On Sunday, I posted a summary of my thoughts on some research that discussed whether people playing female avatars healed more than people playing male avatars.

TL; DR: I’m unconvinced that there is a causal connection in the “play a female avatar -> heal more” direction, and my experience with the genre suggests to me that there might be a “play a healer -> play a female avatar” causal relationship that could also account for the data. Therefore, it’s difficult for me to see a conclusive success in showing the Proteus Effect, which dictates that given an identity conflict, players conform their behavior to that of the identity of their avatar. 

So how do we test that? The answer, as it so often is in my life, is Guild Wars 2.

GW2 got rid of the more traditional healer class in favor of a range of support skills that all characters can spec. There are classes that are more support-oriented (engineer comes to mind), but for the most part, healing and support in general are split across classes. So, Guild Wars 2 effectively removes the causal connection between “play a healer -> play a female avatar” because there are no healers.

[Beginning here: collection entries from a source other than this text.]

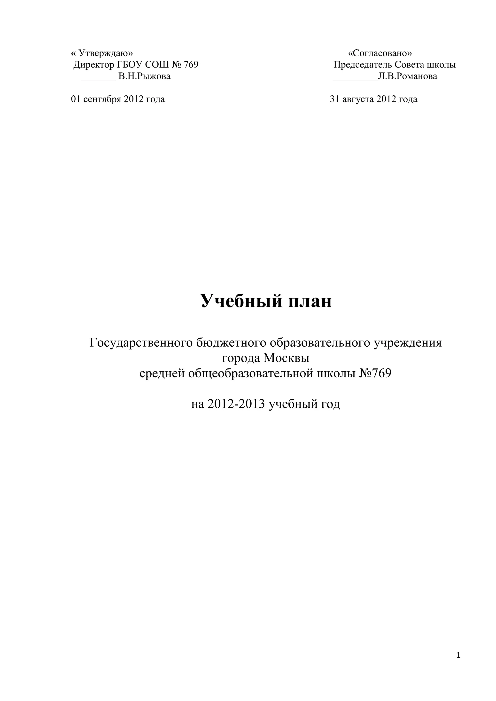 Документ представляет учебный план ГБОУ СОШ № 769 на 2012-2013 учебный год, основанный на нормативных документах и санитарных требованиях. В нем прописаны основные области учебной деятельности, включая обязательные предметы, профильное образование и особенности реализации учебных курсов. Учебный план обеспечивает гармоничное развитие учащихся и соответствует требованиям федерального и регионального уровней образования.
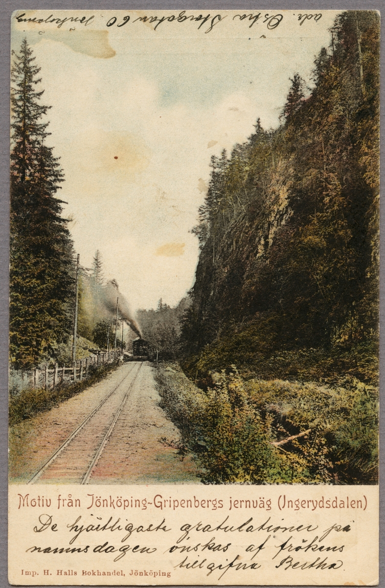 Järnvägslinje mellan Brötjemark (Bröttjemark) och Ingerydsvägen med trafikerande tåg.
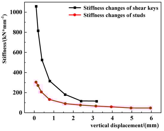 In this paper, the displacement ductility coefficient is used to measure the deformation capacity of the specimen. The calculated values of the displacement ductility coefficient of the shear key and the stud are shown in Table 7. Under repeated load, the ductility coefficient of the shear key is 3.3, and the ductility coefficient of the stud is 5.4. The ductility coefficient of the stud is about 1.6 times that of the shear key, and the deformation capacity is strong. However, the ductility coefficient of the shear key is greater than 3, and it also shows good deformation ability.
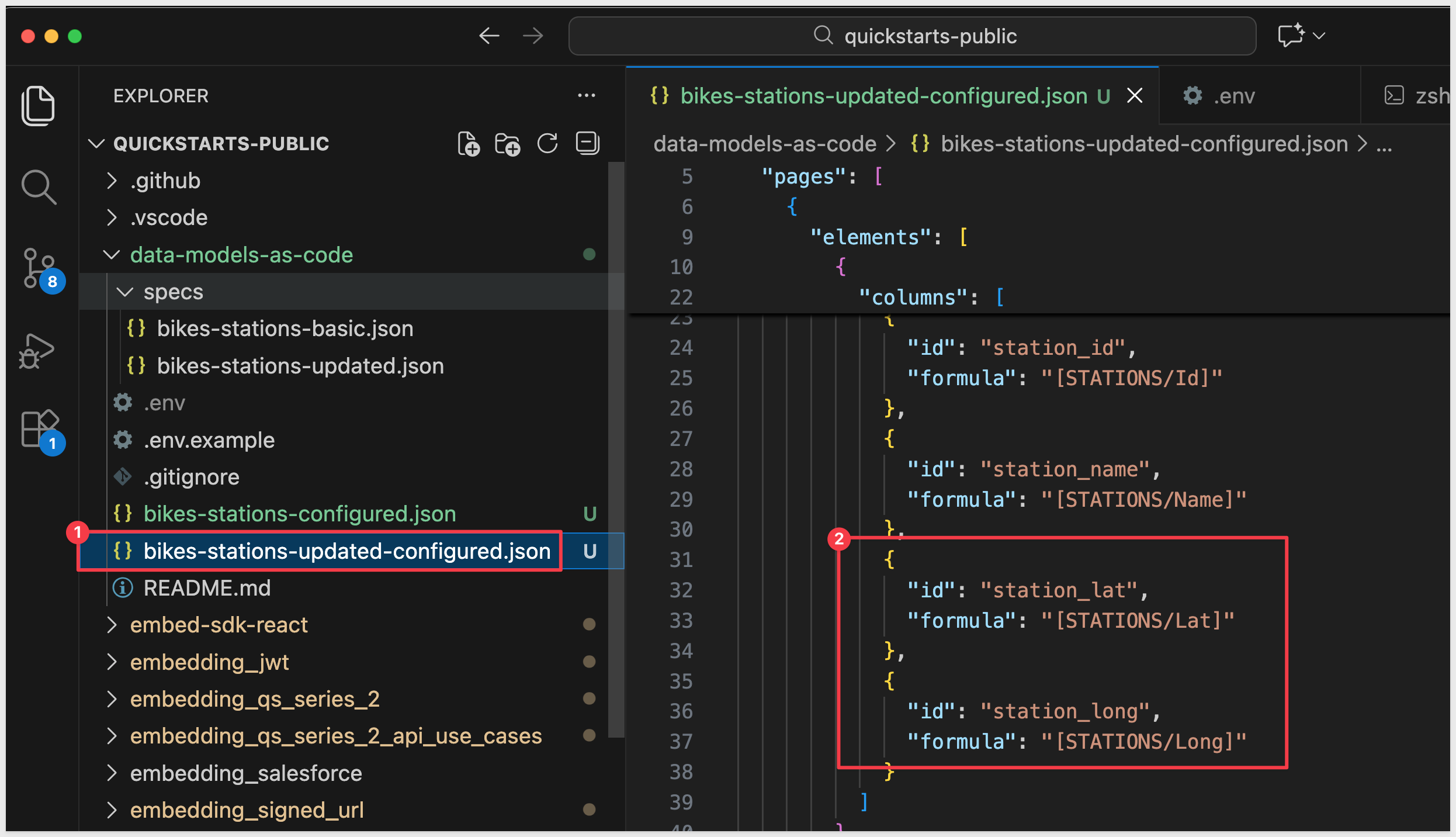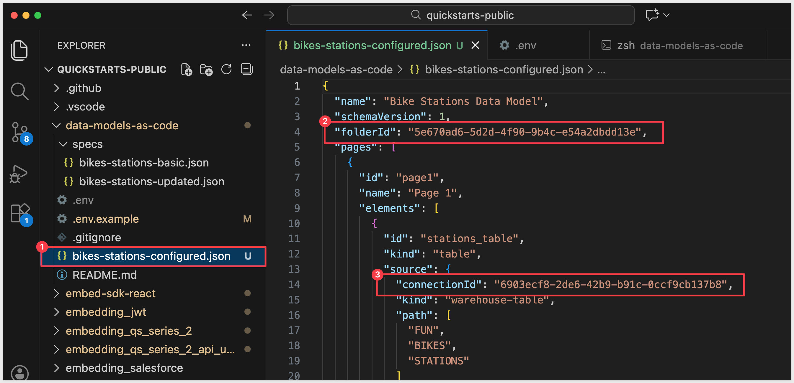 The specs/bikes-stations-basic.json file from your cloned repository contains placeholder values. Replace them with your actual IDs using environment variables:
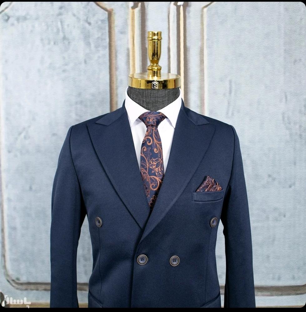کت و شلوار دبل برست سوپر کش مردانه سرمه ای لایت سایز 46تا56
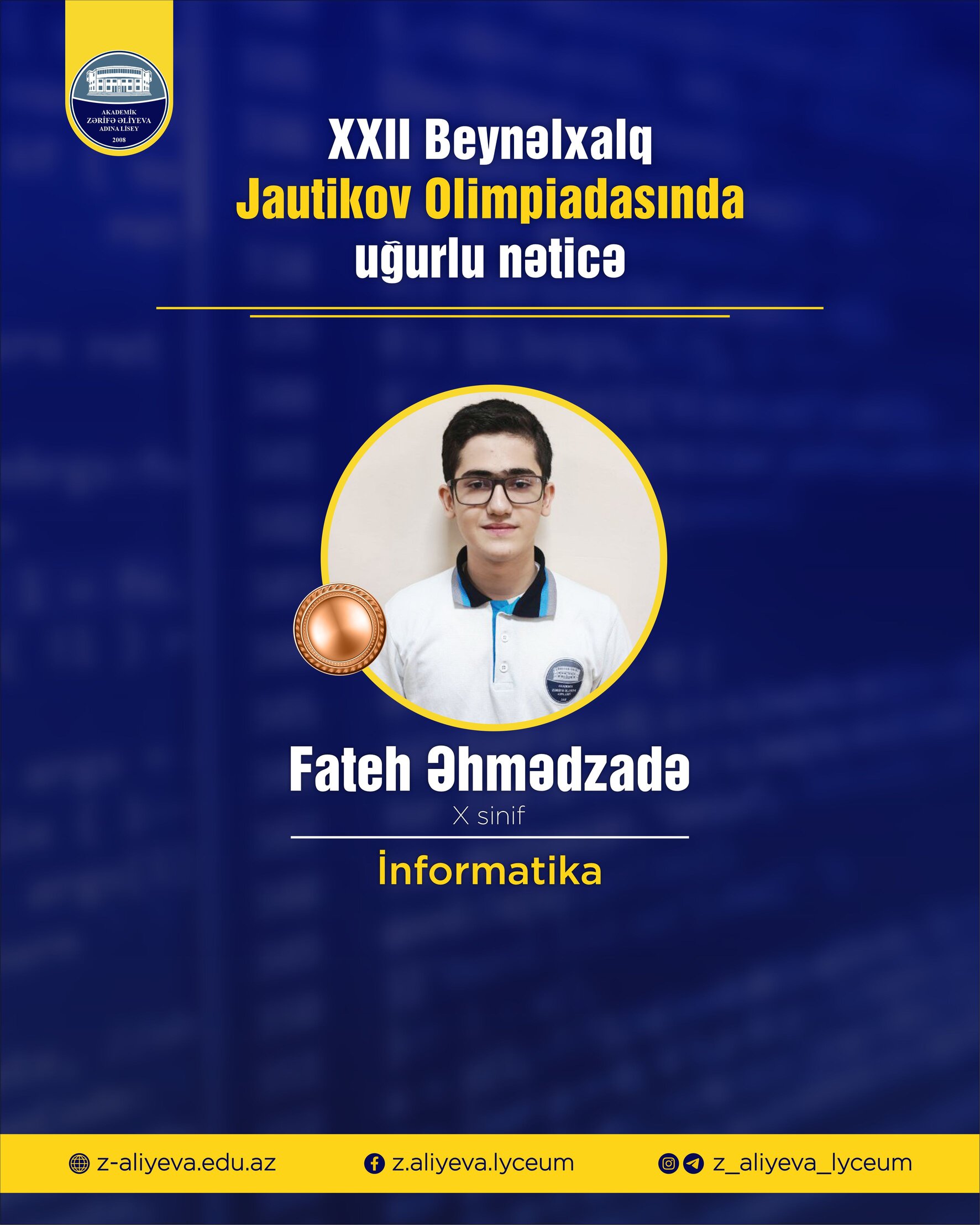 İnformatika fənni üzrə Akademik Zərifə Əliyeva adına liseyin X sinif şagirdi Fateh Əhmədzadə bürünc medala layiq görülüb.

See the female engineer in the image below - definitely not a healer! (From the Guild Wars 2 website.)

So basically, running a similar study as Yee et al comparing player gender/avatar gender/damage dealt to hp healed in Guild Wars 2 could effectively eliminate the possibility that increased healing rates by female avatars are caused by the choice of the player to play a healer as female.

Healing in general in GW2 tends to be a less concrete decision then in previous MMOs. For example, as a level 80 thief, I can spec skills that help out allies, but rarely am I triggering them for that specific purpose. In the study of the Proteus Effect, it seems like players’ subconscious behavior and biases are what we want to find out – so the less concrete the action, the more useful.

GW2 might actually be a much better vehicle to study the Proteus Effect than World of Warcraft, where there’s all kinds of confounding factors about why characters choose to heal. A researcher might be able to mimic the GW2 kind of data by eliminating healers from the pool of characters studied in WoW, which seems kind of counterintuitive, but might help clarify the effects at work. 

To be fair, studying GW2 in this way has a series of design considerations that would need to be taken into account.  First, GW2, as far as I know, doesn’t have an equivalent of the WoW Armory (a central repository of all data about each character), so there are huge complicating factors in actually gathering the damage dealt vs. healing data that was relatively simple in WoW. But it seems likely that ArenaNet (the company that runs GW2) might be able to give data to an enterprising researcher.

GW2 also allows for a tremendous amount of flexibility in one’s spec – players can swap out skills so long as they aren’t in combat. However, the overall average of damage dealt to HP healed should allow for consistency here – since we’re only comparing characters to other characters. Assuming our sample size was large enough, we could also limit the study to something like structured PvP (Player vs. Player) or WvW (World vs. World), both parts of the game with more consistent rule sets than the more traditional Player v. Enemy), which would make the data more consistent.

The last and most unavoidable difference between studying GW2 and World of Warcraft is that they’re different games with different players. Data from one can’t really necessarily generalize to the other – as others have found with differences in game populations from EQ2 and WoW. However, I do think it would be interesting to see how the Proteus Effect plays out in a game where healing isn’t so much of a conscious class choice.

So, GW2 is the way to confirm the hypothesis that people playing female characters heal more than those playing male characters, without including stereotypes about the gender of healers. If it is in fact true that players, regardless of gender, heal more while playing a female avatar, that’s a powerful indication of social norms regarding women’s roles being internalized to the point where they transcend the consciousness of players and the boundaries of “real life.”